- _What you are asked to do_: Only the lines below from the one containing "Larlen Paul Men's" through the one containing "- WATER-RESISTANT TPE" belong in the answer, set down exactly, with the pictures left out.

- _Record excerpts_:
= = = = =
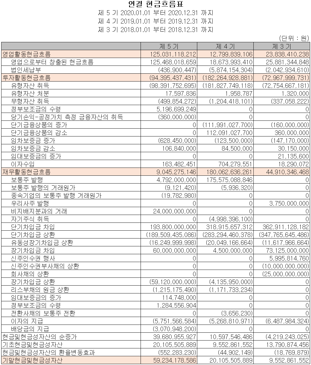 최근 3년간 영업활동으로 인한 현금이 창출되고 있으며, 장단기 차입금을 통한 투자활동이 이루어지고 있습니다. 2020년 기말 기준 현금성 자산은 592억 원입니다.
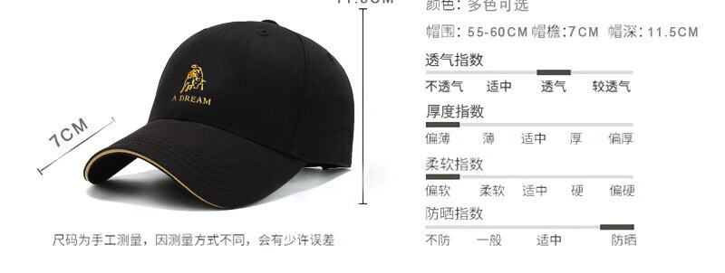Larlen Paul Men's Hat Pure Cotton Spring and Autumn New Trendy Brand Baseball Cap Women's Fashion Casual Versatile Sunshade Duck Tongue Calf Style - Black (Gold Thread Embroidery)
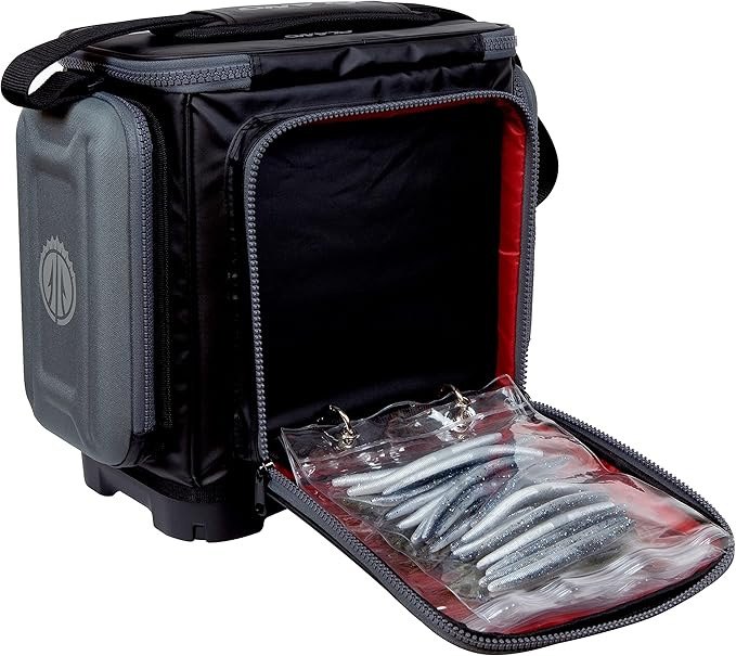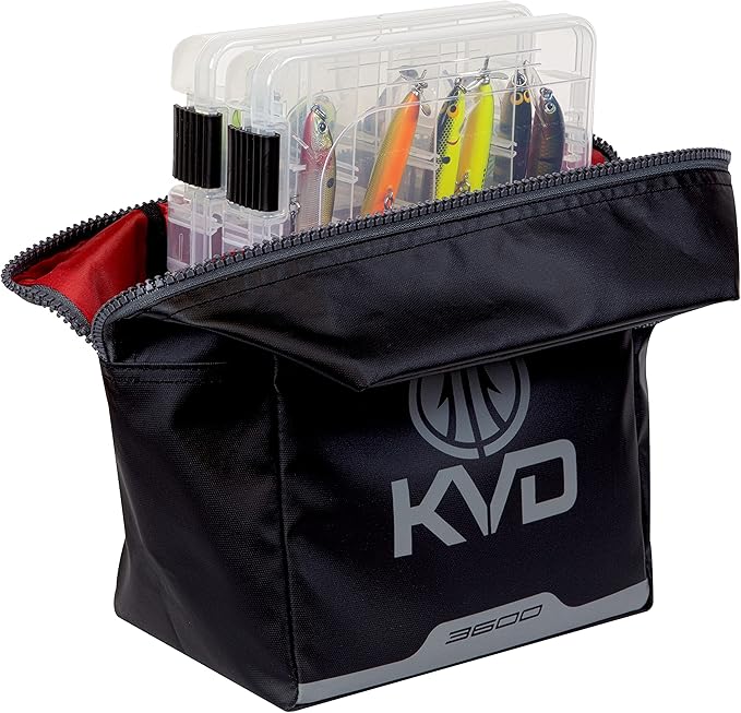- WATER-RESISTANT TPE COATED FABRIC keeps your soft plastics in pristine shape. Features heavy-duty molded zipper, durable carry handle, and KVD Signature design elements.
= = = = =
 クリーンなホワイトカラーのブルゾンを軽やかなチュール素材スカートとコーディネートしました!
= = = = =
- _Solution to this exercise_:
Larlen Paul Men's Hat Pure Cotton Spring and Autumn New Trendy Brand Baseball Cap Women's Fashion Casual Versatile Sunshade Duck Tongue Calf Style - Black (Gold Thread Embroidery)
- WATER-RESISTANT TPE COATED FABRIC keeps your soft plastics in pristine shape. Features heavy-duty molded zipper, durable carry handle, and KVD Signature design elements.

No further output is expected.